Chef Twaler carves out enough office time for a considerable amount of administrative work. While he scans his emails, we discuss his background as a transplanted Iowan, his time working in the Northeast, and how, in the mid-1990s, he decided to pursue a culinary degree of his own to further his restaurant career. “I packed up, sight unseen and moved to Charleston, where it doesn’t snow and it’s warm.” In Charleston, he began a long trek toward many culinary degrees and certifications, two from Johnson & Wales University; a BS in Food Service Management and an AAS in Culinary Arts. In 2017, he completed his Master’s in Education at the University of Kansas.
“I started as a paycheck person,” he said, “hoping my degree would just get me better pay at whatever restaurant I was working at, but as I got into it more, my passions changed.”
His office wall is adorned with some of his many awards and certifications: Modernist Plating, Sous Vide Technique, BBQ Science, Charcuterie and Charcuterie Intensive. He traveled to Berlin, Germany, to compete in the world Culinary Olympics. He’s contributed to culinary textbooks and has coached culinary teams on to international championships. He was named South Carolina Hospitality Educator of the Year in 2016. In addition to teaching Classical Foundations of Cooking at the ICI, he also teaches Kitchen Fundamentals and Cuisine of the Americas, covering the regional cuisines of the U.S., South and Central America, Mexico and the Caribbean.
With no real lunch break to speak of, Twaler, still seated at his desk, prepares for a Menu Planning class. A student, Deb Green, knocks on the door to discuss BBQ sauce in preparation for a Farmers Market. Twaler offers his advice and she moves on.
Twaler hauls his laptop and PowerPoint presentation to the ICI’s indoor amphitheater, called the Demonstration Kitchen. It seats some 75 students, but this day a very small class of five sits to listen to the lecture and take notes.
By 2 p.m. I am exhausted and I haven’t even done anything. Twaler keeps this kind of schedule up five days per week, often stopping for supplies on his way home and working nights and weekends grading and thinking about his class and students. “I don’t get to do the competition stuff as much as I used to,” he says, a bit mournfully, “but I still find a way to squeeze in a little. I really love it.”
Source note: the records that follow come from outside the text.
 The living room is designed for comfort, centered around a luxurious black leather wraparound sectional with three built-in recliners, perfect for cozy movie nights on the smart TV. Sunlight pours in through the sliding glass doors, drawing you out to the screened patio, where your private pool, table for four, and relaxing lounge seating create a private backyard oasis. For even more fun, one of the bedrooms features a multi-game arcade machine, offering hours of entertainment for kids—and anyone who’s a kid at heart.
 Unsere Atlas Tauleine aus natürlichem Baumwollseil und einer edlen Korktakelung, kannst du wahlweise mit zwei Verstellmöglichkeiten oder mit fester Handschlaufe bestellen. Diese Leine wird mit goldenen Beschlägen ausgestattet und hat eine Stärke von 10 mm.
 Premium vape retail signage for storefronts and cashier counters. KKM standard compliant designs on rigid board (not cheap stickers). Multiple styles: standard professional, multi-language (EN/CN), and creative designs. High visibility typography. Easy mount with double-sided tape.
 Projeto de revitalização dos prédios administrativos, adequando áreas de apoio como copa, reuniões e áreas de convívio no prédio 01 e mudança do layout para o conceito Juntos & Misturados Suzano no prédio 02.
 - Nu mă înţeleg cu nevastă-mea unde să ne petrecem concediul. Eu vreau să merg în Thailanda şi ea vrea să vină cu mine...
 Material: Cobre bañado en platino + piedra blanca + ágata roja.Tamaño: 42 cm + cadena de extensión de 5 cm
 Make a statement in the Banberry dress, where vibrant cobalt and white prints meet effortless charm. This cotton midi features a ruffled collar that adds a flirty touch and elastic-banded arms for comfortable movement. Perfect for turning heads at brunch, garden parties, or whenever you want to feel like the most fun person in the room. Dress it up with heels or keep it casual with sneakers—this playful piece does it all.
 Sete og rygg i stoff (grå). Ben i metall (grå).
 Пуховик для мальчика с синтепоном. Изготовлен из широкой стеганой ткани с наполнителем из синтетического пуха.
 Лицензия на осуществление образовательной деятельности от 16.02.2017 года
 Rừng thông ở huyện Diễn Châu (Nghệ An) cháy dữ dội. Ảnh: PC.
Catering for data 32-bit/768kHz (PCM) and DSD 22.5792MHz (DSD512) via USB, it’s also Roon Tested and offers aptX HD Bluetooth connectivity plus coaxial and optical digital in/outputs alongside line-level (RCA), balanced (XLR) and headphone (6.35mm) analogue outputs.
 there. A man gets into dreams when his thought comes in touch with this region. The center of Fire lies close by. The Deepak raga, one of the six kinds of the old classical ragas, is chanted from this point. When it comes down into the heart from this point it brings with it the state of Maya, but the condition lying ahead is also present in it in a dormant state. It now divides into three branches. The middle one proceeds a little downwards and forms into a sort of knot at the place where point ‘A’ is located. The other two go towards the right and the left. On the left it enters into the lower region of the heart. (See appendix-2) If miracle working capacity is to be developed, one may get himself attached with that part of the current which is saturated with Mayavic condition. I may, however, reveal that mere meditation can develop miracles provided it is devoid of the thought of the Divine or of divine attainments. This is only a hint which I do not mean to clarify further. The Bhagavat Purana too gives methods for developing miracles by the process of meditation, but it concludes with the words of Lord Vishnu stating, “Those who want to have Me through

Twaler tells me his typical day usually wraps up around 4:30, but that there’s “always something going on” that can cause his schedule to change. He leaves me with a bit of optimism about Myrtle Beach becoming a true food destination. “Charleston is 20 years ahead of Myrtle Beach in that respect,” he says, “but we can get there.”
I leave Twaler to finish his menu planning class, my box of pastries from Layers securely tucked under one arm. It’s a long, rewarding, fascinating day filled with sweet and savory memories. As I pass countless fast food joints on my way home, I think about stopping at my favorite grocery store to find something good to cook. Or, with all the fantastic restaurants in town, I could let someone else do the cooking. After all, they’re the ones who really know what they’re doing.